Geometric interpretation of Q in Lyapunov's equation

Question

Lyapunov's equation says: given any $Q > 0$ ($Q$ positive definite) there is $P > 0$ such that $A^T P + P A + Q = 0$ if and only if for $\frac{dx(t)}{dt}=A x(t)$ it is the case that the real part of each eigenvalue of $A$ is negative.

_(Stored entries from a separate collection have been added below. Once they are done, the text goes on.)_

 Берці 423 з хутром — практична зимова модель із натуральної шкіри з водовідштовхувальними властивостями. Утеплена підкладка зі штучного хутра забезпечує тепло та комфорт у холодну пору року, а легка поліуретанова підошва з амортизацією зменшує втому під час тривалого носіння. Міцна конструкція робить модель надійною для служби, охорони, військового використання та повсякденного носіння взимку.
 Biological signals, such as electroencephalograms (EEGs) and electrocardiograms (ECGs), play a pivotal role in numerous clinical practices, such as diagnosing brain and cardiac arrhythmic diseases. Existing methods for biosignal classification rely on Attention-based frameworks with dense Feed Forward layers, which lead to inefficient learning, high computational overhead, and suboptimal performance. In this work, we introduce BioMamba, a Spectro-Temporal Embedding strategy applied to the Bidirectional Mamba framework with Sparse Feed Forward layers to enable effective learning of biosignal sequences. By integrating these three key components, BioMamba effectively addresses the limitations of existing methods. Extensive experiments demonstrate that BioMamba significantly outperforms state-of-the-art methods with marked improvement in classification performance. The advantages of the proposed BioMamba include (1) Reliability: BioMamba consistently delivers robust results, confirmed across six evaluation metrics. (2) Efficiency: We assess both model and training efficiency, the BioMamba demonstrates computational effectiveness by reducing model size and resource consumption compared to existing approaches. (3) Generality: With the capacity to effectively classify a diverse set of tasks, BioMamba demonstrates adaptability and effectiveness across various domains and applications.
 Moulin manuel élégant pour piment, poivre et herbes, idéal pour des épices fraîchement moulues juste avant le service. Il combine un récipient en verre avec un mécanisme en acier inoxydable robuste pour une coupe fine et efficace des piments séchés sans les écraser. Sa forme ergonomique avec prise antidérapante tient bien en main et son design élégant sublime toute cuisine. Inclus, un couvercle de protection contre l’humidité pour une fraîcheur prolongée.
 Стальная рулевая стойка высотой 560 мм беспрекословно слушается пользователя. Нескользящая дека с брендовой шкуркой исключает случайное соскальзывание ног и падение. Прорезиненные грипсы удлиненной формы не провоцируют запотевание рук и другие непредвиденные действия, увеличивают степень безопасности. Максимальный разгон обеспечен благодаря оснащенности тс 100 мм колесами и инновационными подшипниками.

Then, the ellipsoid $x^T P x \leq 1$ is an invariant of $\frac{dx(t)}{dt}=A x(t)$.

The geometric interpretation of $P$ is such that the eigenvectors of $P$ form the principal axes of the ellipsoid and each eigenvalue is related to the length of the ellipsoid along the axis represented by the corresponding eigenvector.

What is the geometric interpretation of $Q$ resp. how does the choice of $Q$ affect $P$?

Answer 1

It turns out that $P$ is dependent on the properties $Q$. If you define $P$ as

$$P:=\int_{0}^{+\infty} e^{A^Tt}Qe^{At}dt$$

Since the eigenvalues of $A$ have negative real part, this integral exists and the results are clearly dependent on the eigenvalues and eigenvectors of $Q$. One can see that $P$ is a solution to $A^TP+PA=-Q$, that is,

$$A^TP+PA=\int_{0}^{+\infty} (A^Te^{A^Tt}Qe^{At}+e^{A^Tt}Qe^{At}A)dt =\int_{0}^{+\infty}\frac{d}{dt}(e^{A^Tt}Qe^{At})dt = -Q$$

Further, the matrix $Q$ can be understood as the energy dissipated in a specific point $x$, and $P$ as the energy stored in $x$.

Answer 2

Here's another point of view: Let's say you have an autonomous linear dynamical system $\dot x = Ax$ with a cost function $\int_0^\infty x^T Q x \; dt$. (This is like linear-quadratic control, but without the control!)

Now let's say we happen to have a cost-to-go function $V(x)$ such that $\dot V(x) + x^TQ x = 0$. Intuitively, this equation is simply accounting: if we accumulate a lot of cost at time $t$ (i.e., $x^TQx$ is large at time $t$), then our function is decreasing by the same amount, so that's an amount we won't have to pay in the future, so it gets subtracted from the cost-to-go function.

Mathematically, we can integrate from $0$ to $T$, we have $\int_0^T \dot V(x) dt = V(x(T)) - V(x(0)) = -\int_0^T x^T Q x \; dt$. So long as $V(x(T)) \to 0$ as $T \to \infty$, then we have $V(x(0)) = \int_0^\infty x^T Q x \; dt$. This means that $V(x)$ accurately represents the amount of cost left to pay when you start at $x$.

Returning to your question, we assume $V(x) = x^T P x$, for some symmetric matrix $P$. (Note that the condition $V(x) \to 0$ holds if the system is asymptotically stable, because then $x\to 0$.) Then our accounting equation is $\dot V(x) + x^T Q x = x^T (A^TP + PA + Q) x = 0$. (Here we used the chain rule and $\dot x = Ax$.) This must hold for all $x$, so we have $A^TP + PA + Q = 0$. This is your Lyapunov equation.

To summarize, if your stable system accumulates cost at rate $x^T Qx$, then $x^TPx$ is the cost-to-go (or Lyapunov) function.